Money Laundering vs Coming Clean
Here is some news that is not going to come as a shock. Not everybody involved in disputes after relationship breakdown is honest in disclosing their financial positions. Despite the fact that the Family Law Act imposes a duty of full and frank financial disclosure, people do not always comply. Part of the job of a good family lawyer is to do his or her best to ensure that disclosure is made, but what happens when it isn't?
The Family Law Act provides that if a court is satisfied that there has been a miscarriage of justice by reason of fraud or suppressing evidence including failure to disclose, false evidence or any other circumstance, then the court orders can be set aside or changed. So if you feel that you have been cheated, you have to show that there was a miscarriage of justice and that it was caused by fraud or suppression of evidence or failure to disclose relevant information or falsity. There are other grounds as well but the purpose of this article is to address dishonesty.
Miscarriage of justice really means that if the truth had been known, the court would have made substantially different orders. It applies if the court is misled or if the other party is misled. So on the face of it, the person who is misled has the job of persuading the court second time around that there was a failure to tell the truth and that it was significant enough to cause a substantial difference in outcome if the truth had been known.
Two recent cases from England have made potentially a substantial difference to the law there and it is one that perhaps might be considered here. Both cases were heard at the same time. I am indebted to Farrer & Co, leading London lawyers, for a report on the two cases of Sharland & Sharland and Gohil & Gohil. Both judgments were delivered at the same time by the highest court in the UK, the Supreme Court. Mr Sharland was a multimillionaire software developer. He told the court and his ex that his shares in a company were worth £31.5million. What he didn't say was that he was pursuing a public float of the company and that this valued the company at over £600million.
Mr Gohil had bad luck all around. Not only was his family law property settlement ripped up but he was gaoled for ten years for fraud and money laundering. During his criminal trial the prosecution found he was worth at least £35million, which is a lot more than he had told his ex wife.

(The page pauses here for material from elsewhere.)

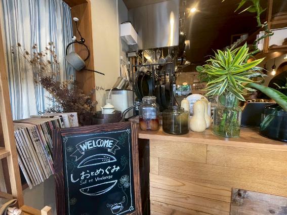 「しおとめぐみ」の店名は、調理の技術的な意味が含められた“しお”と、食材を意味する“めぐみ”の組み合わせ。フランス語名である“Sel et Vendange”では、“Vendange”には葡萄の収穫という意味があり、料理とワインという隠喩にもなっています。

Both wives asked the court to set aside the previous orders. The court did this but in doing so, it took a new step. The Supreme Court distinguished between intentional fraudulent disclosure and accidental, innocent, or negligent disclosure. If the court found that the nondisclosure was intentional, the deceived party no longer had to convince the court that there had been a miscarriage of justice: the burden of proof flipped. It was the dishonest party that then had to show the court two things:
The fraud would not have influenced a reasonable person to agree to the orders; and
Had the court known the right information, the order would not have been significantly different.
This is a really tough stand against dishonest divorcing parties. That does not apply here, because on the face of it, the person applying to set aside court orders still has to prove the miscarriage of justice and the reason why it occurred.
In the next article I want to discuss the effect of fraud or failures to disclose information on prenuptial agreements or financial agreements and whether the burden of proof can be flipped in those circumstances.
In the meantime, the English courts have taken a step in favour of transparency and honesty.